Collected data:
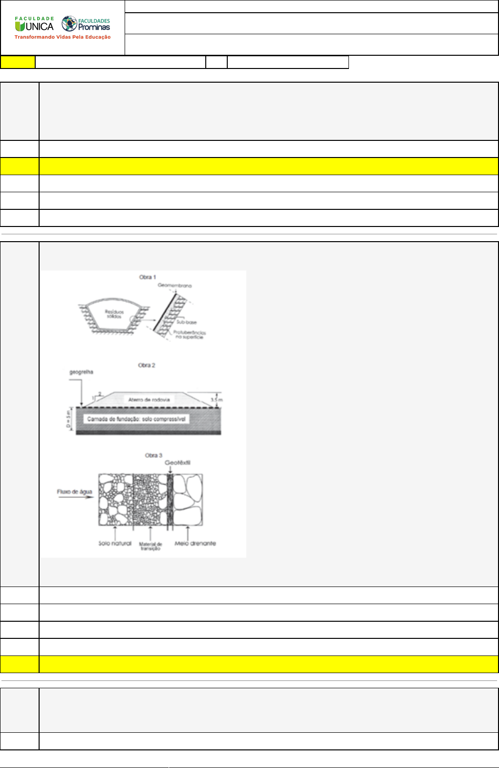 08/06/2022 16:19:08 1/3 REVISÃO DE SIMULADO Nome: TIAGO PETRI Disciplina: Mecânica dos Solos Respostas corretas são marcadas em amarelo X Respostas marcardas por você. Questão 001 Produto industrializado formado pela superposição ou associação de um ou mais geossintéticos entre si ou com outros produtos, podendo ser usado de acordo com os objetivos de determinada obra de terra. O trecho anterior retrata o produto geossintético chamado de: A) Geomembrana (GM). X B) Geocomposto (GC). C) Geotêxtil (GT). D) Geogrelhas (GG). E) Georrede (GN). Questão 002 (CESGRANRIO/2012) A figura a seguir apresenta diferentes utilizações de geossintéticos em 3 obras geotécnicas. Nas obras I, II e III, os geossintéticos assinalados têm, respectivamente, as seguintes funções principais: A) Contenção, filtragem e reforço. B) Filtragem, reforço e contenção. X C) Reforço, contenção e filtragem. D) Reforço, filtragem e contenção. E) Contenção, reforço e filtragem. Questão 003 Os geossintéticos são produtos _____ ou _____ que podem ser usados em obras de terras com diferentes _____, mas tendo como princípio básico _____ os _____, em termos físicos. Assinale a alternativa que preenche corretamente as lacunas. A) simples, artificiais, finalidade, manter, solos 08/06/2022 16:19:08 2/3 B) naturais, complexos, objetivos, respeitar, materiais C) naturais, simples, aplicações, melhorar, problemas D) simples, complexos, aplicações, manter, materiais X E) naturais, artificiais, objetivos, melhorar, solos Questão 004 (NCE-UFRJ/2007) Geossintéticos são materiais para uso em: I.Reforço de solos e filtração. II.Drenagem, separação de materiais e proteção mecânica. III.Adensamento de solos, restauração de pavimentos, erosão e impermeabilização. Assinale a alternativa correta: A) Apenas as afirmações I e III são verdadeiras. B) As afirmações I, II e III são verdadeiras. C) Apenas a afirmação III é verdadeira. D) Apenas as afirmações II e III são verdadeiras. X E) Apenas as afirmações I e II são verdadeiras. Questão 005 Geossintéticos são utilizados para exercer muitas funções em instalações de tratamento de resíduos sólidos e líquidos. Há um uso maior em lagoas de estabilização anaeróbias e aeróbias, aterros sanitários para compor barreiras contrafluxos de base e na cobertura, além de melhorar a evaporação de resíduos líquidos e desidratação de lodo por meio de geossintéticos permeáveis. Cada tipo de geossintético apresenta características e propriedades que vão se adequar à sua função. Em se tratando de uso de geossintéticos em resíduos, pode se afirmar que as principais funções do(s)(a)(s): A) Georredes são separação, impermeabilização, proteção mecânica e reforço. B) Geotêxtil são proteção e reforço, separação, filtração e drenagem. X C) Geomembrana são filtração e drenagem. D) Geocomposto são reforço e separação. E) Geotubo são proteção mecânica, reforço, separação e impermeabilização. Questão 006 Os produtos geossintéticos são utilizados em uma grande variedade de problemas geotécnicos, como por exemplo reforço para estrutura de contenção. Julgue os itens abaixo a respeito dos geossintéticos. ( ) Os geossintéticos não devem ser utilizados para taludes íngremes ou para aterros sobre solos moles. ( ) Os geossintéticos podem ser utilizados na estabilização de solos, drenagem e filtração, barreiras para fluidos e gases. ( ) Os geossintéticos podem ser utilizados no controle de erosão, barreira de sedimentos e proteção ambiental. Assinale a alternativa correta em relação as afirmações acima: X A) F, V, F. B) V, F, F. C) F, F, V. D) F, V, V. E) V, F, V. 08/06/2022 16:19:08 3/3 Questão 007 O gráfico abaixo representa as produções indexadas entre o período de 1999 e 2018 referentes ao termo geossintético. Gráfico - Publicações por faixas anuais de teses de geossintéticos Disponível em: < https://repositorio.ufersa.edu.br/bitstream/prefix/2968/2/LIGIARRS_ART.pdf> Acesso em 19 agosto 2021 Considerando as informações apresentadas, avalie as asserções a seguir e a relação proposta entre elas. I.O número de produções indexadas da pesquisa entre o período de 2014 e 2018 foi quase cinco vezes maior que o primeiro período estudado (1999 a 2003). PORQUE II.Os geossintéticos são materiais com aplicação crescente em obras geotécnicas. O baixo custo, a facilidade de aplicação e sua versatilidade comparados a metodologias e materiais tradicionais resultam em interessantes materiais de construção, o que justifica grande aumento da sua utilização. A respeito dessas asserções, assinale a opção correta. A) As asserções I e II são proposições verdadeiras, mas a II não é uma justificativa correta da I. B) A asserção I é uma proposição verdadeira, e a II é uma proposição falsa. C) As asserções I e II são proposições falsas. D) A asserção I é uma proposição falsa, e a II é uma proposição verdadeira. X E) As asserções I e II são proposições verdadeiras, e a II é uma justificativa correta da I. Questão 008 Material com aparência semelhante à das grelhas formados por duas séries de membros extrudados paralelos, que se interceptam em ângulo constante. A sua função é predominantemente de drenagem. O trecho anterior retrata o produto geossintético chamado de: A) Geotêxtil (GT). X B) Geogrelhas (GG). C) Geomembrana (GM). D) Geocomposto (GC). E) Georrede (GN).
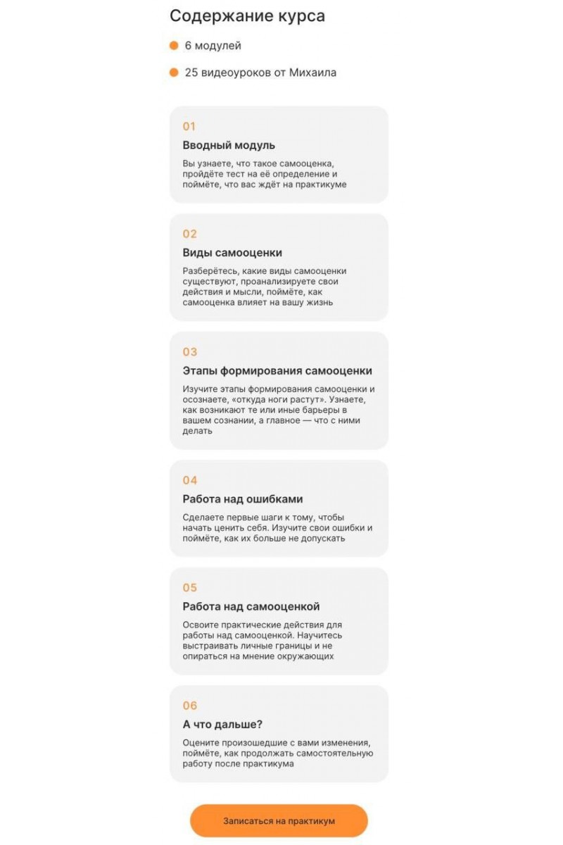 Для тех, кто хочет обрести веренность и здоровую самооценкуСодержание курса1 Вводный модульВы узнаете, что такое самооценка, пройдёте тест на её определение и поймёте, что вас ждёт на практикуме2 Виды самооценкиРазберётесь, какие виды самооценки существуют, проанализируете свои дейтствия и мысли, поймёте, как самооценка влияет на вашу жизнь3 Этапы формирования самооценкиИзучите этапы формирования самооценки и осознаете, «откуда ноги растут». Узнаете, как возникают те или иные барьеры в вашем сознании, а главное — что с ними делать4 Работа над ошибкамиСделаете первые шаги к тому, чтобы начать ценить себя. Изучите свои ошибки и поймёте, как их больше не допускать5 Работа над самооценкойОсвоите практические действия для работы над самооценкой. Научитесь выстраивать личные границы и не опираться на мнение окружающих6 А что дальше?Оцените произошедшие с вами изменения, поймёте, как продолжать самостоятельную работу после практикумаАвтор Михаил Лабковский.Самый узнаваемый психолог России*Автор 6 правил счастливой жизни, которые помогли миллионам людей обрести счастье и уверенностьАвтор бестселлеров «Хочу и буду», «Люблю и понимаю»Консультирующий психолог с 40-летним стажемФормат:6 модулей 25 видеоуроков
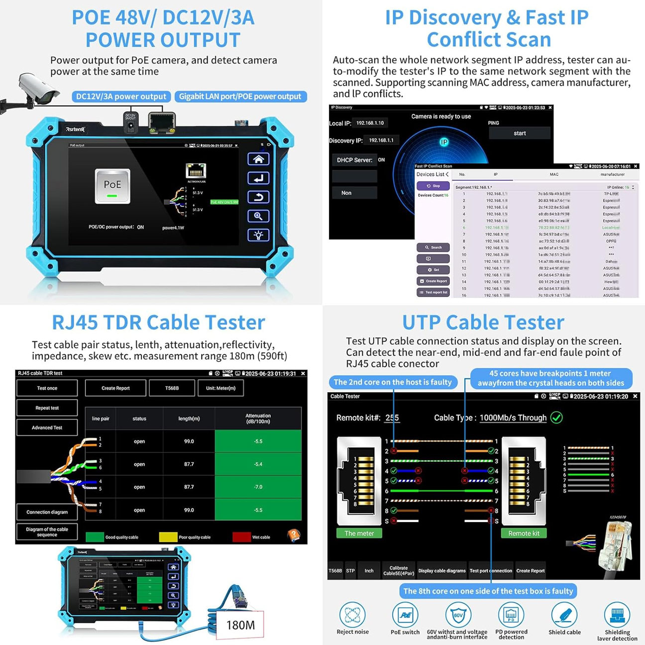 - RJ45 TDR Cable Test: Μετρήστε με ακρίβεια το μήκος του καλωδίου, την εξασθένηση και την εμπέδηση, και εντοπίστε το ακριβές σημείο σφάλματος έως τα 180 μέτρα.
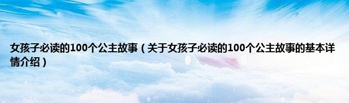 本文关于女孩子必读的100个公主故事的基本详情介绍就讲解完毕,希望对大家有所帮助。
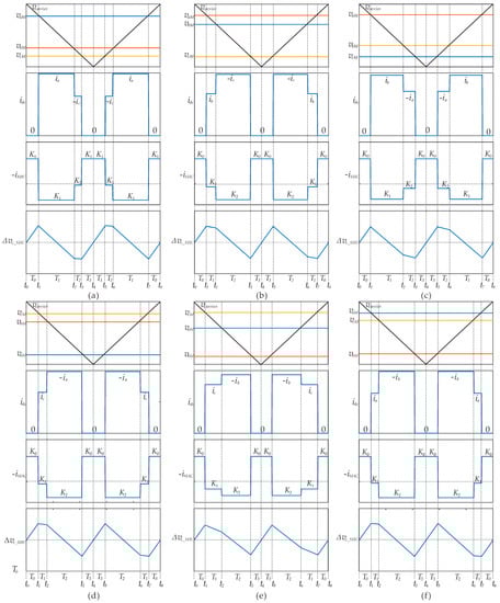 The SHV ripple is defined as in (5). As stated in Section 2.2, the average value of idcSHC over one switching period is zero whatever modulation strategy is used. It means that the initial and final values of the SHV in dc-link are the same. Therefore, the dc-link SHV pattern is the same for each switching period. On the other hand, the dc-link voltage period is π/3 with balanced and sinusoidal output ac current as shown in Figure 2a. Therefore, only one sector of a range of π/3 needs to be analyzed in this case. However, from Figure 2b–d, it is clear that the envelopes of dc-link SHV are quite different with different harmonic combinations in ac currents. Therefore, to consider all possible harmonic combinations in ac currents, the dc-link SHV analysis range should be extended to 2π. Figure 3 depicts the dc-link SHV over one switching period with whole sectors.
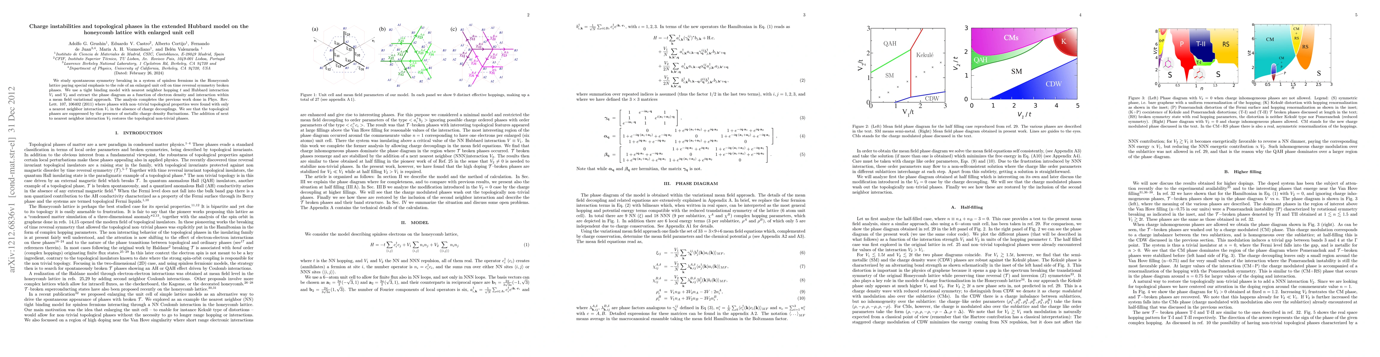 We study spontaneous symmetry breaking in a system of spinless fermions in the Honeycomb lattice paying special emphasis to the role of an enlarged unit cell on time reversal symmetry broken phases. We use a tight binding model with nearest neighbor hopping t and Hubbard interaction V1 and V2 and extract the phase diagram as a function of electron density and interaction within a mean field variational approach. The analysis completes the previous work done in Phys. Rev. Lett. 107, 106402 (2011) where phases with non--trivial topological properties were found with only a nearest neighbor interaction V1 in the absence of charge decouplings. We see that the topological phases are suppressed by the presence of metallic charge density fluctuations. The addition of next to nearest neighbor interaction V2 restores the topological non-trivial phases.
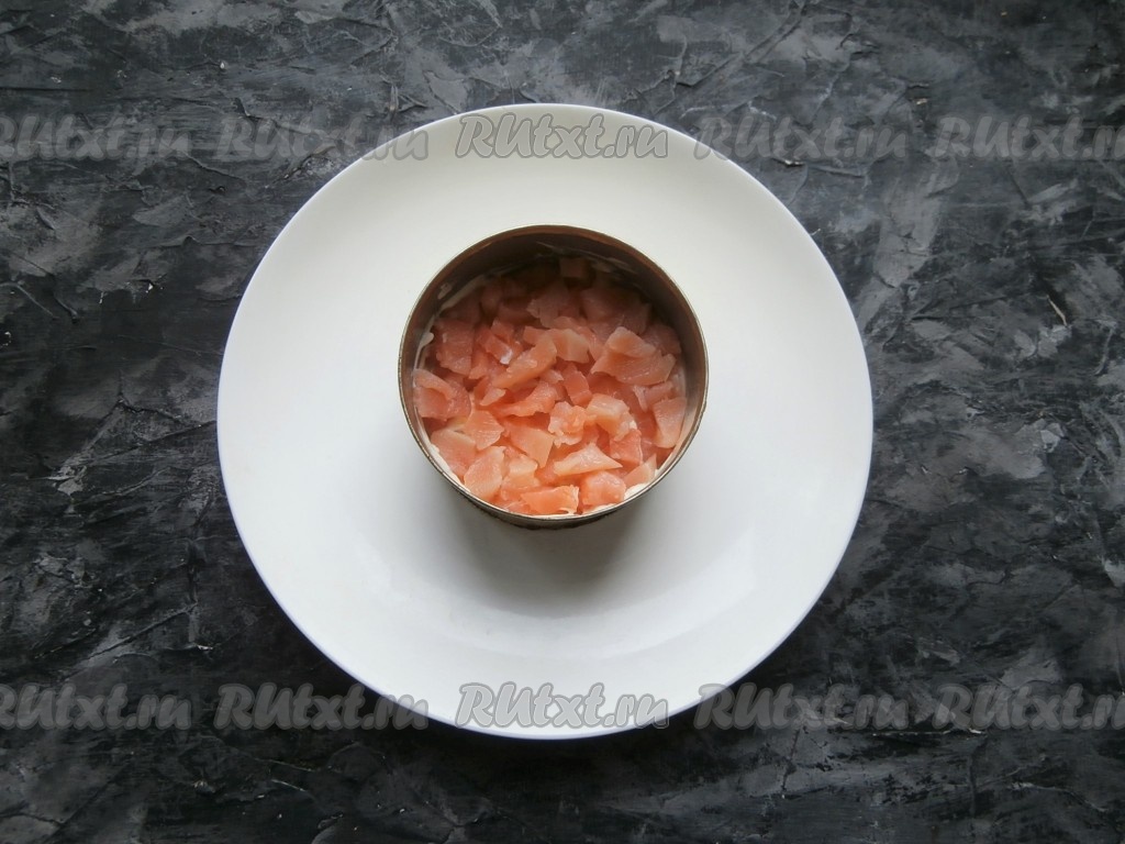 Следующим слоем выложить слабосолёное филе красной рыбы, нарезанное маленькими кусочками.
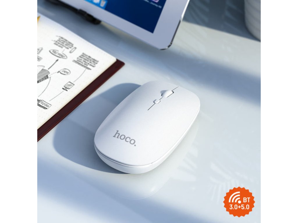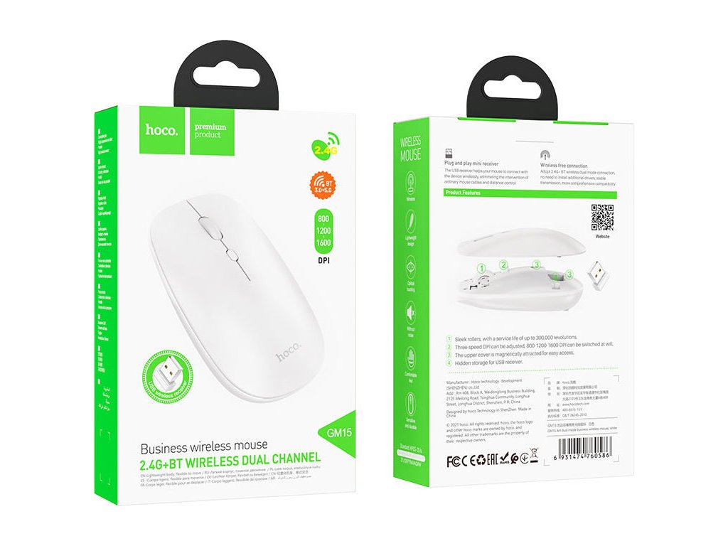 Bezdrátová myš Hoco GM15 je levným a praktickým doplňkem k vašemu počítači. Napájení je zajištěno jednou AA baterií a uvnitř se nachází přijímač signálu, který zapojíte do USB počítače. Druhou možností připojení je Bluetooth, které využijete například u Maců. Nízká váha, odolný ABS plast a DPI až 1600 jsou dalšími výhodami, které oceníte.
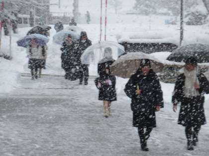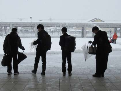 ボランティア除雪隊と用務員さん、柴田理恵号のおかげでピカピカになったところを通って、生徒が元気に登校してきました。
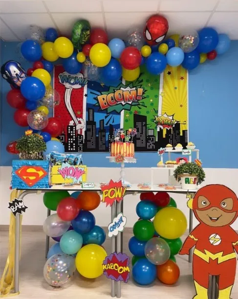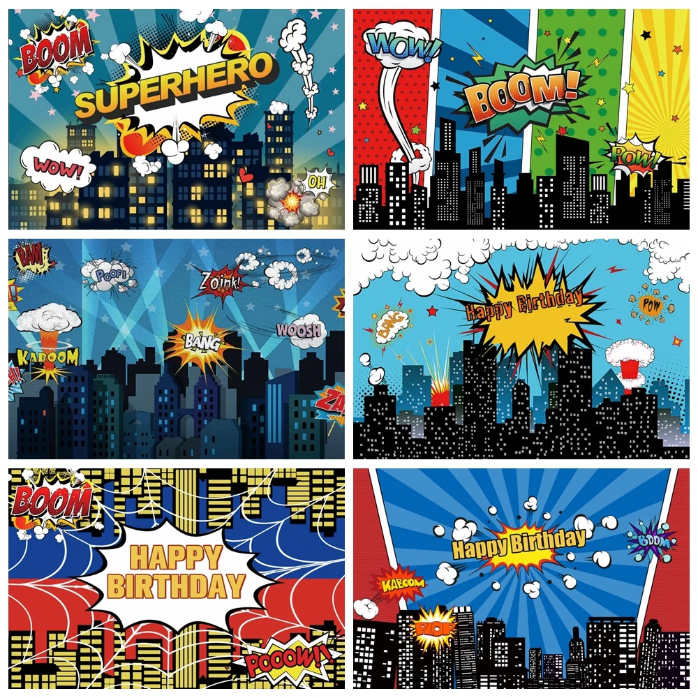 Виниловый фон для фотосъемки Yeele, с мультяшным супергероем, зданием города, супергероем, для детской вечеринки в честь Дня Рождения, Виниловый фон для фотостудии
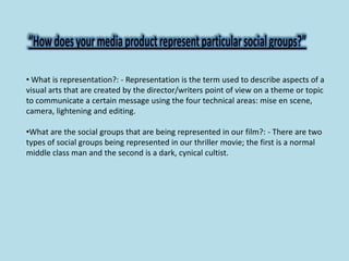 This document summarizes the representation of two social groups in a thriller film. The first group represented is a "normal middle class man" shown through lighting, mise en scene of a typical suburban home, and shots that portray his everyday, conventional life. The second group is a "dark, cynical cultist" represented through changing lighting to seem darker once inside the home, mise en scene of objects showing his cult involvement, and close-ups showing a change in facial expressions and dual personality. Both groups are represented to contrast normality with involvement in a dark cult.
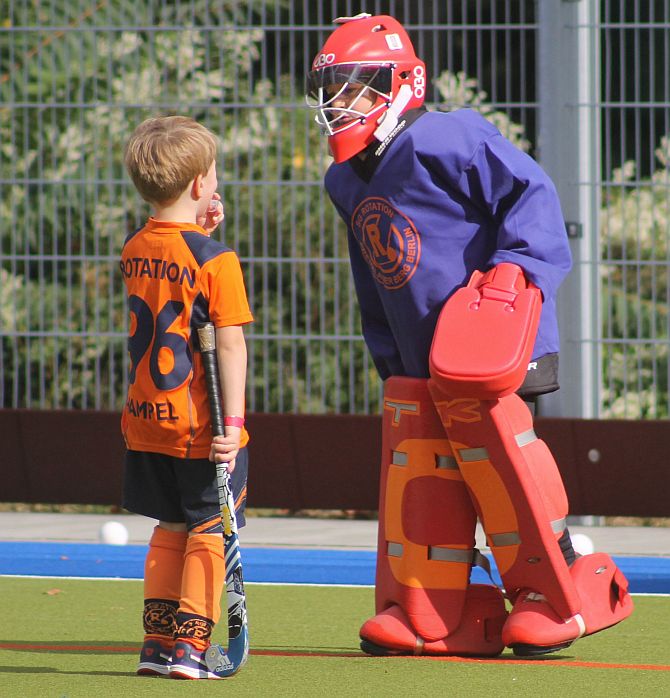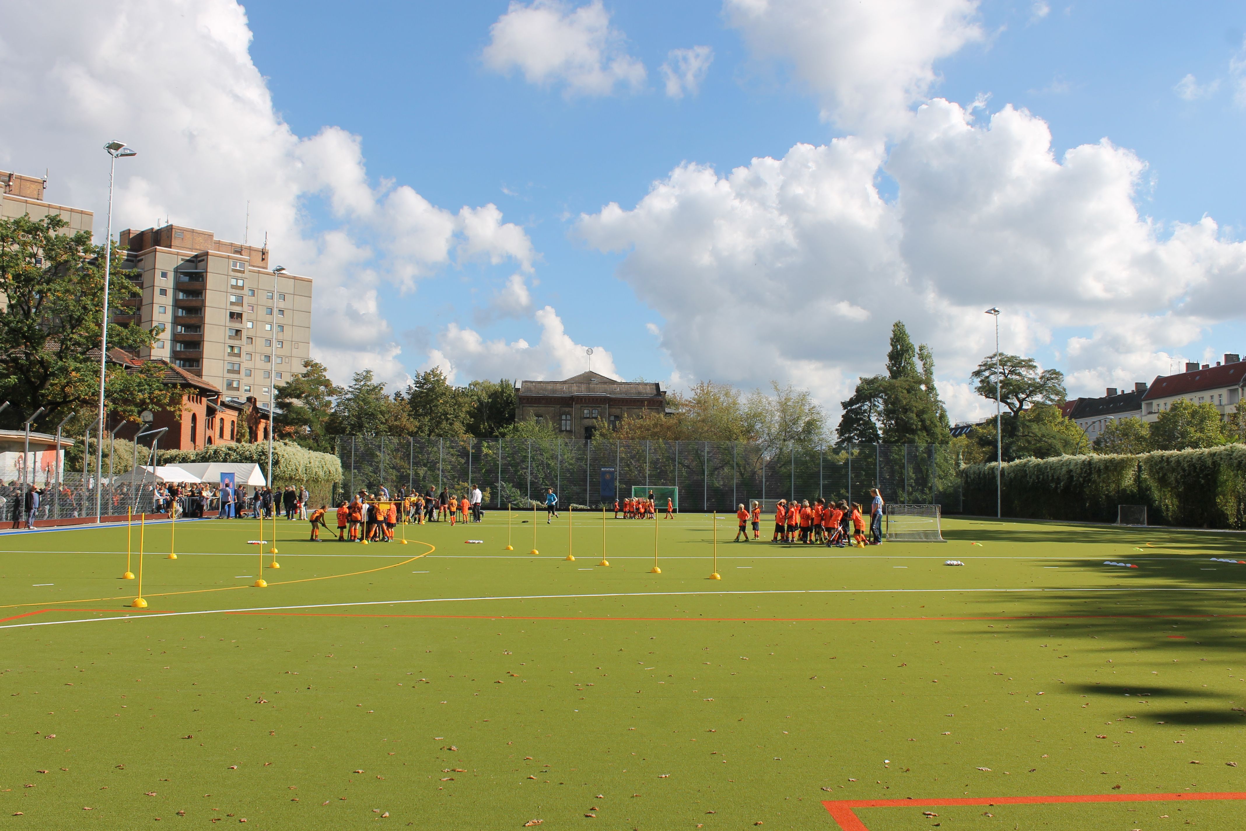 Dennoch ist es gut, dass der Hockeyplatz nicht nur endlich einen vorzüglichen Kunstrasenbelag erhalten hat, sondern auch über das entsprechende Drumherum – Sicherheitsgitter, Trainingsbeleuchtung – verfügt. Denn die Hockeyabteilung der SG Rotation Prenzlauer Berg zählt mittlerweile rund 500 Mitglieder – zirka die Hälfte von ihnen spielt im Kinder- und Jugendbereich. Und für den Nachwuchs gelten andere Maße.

## What this task involves
Your reply should hold nothing but the lines above, from the one containing "- RJ45 TDR Cable" to the one containing "本文关于女孩子必读的100个", reproduced exactly minus the pictures.

## Your solution
 - RJ45 TDR Cable Test: Μετρήστε με ακρίβεια το μήκος του καλωδίου, την εξασθένηση και την εμπέδηση, και εντοπίστε το ακριβές σημείο σφάλματος έως τα 180 μέτρα.
 本文关于女孩子必读的100个公主故事的基本详情介绍就讲解完毕,希望对大家有所帮助。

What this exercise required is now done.